Current weather patterns not consistent with a typical El Nino

Brownfield meteorologist Greg Soulje says weather patterns the last 6 months have not aligned with a typical El Nino.

The National Weather Service defines El Nino as the unusual warming of surface waters in the eastern Pacific Ocean that has global impacts on weather.

Soulje says the past few El Nino’s have produced mild temperatures and seasonal rains in the eastern and southern Corn Belt.

“But, guess what? We’ve moved into a drought there and are just beginning to exit it. Usually El Ninos are more characteristic of a winter time season that’s warmer to wetter and drier. So, this is one for the books, if you will.”
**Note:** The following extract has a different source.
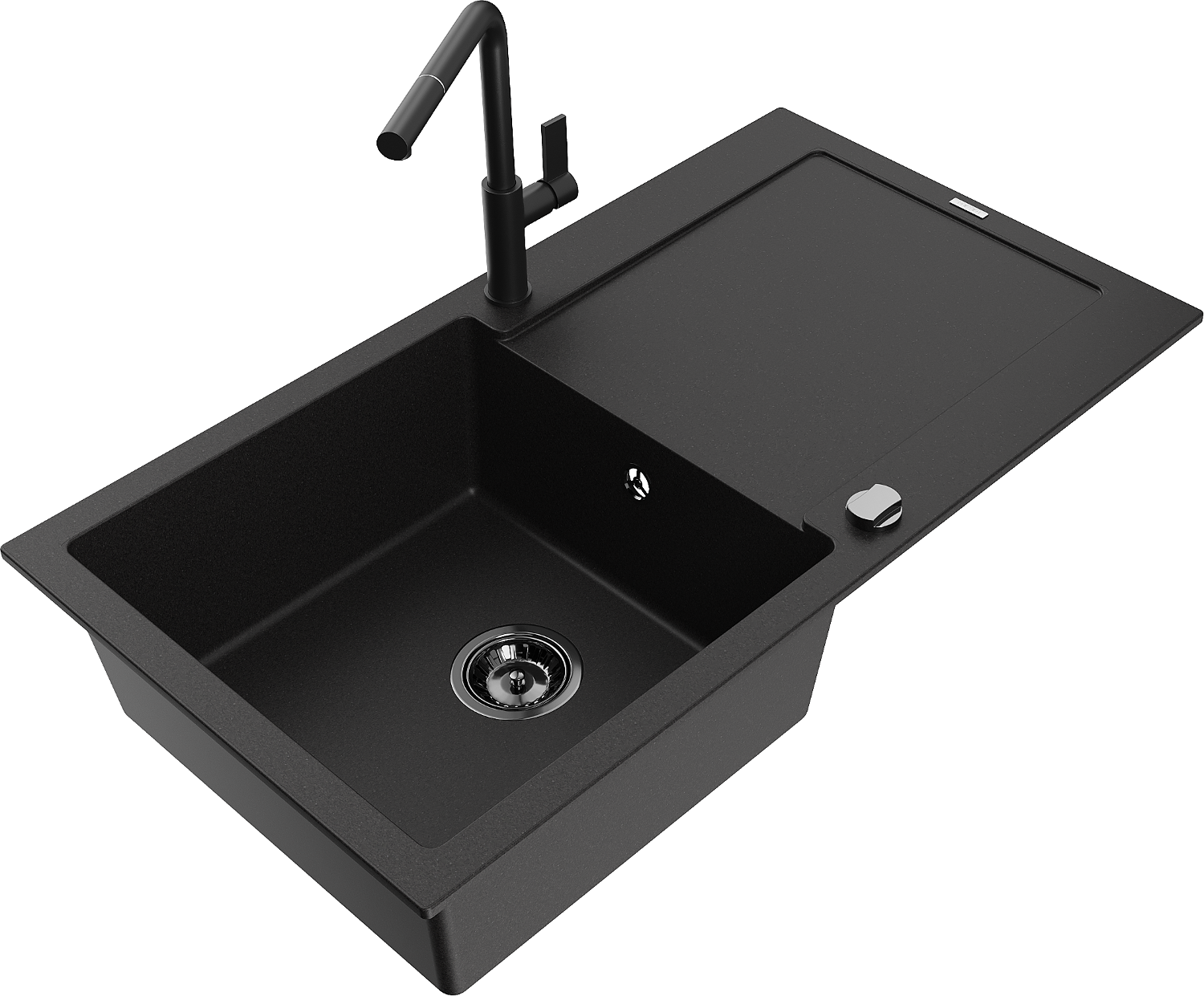 Mexen Leo évier en granit 1 bac avec égouttoir et robinet de cuisine Flora, noir - 6501-77-670401-70-B

He says a typical El Nino also creates a drier and warmer pattern in the northern plains, but it was a cooler and wetter start with flooding in parts of Montana and the Dakotas.
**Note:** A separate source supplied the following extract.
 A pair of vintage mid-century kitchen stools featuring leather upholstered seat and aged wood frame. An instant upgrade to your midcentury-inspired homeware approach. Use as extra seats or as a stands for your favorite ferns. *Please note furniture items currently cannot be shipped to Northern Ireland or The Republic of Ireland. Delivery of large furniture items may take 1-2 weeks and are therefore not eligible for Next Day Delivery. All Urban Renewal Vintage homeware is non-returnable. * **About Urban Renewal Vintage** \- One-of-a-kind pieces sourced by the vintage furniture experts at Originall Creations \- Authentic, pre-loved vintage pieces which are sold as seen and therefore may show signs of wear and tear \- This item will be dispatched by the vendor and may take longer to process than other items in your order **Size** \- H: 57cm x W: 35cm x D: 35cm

Soulje says El Nino is expected to stick around into mid-winter and he is anticipating the remainder of the summer and harvest season to be wetter.

“Going forward, I would still anticipate this wide fluctuation of temperature and moisture, but generally moving towards a wetter scenario until we get to into the late autumn season around here.”

He is expecting this El Nino to keep heat in the western states, cooler than average temperatures in the Great Lakes Region and go back and forth on temperatures in the Corn Belt and plains states.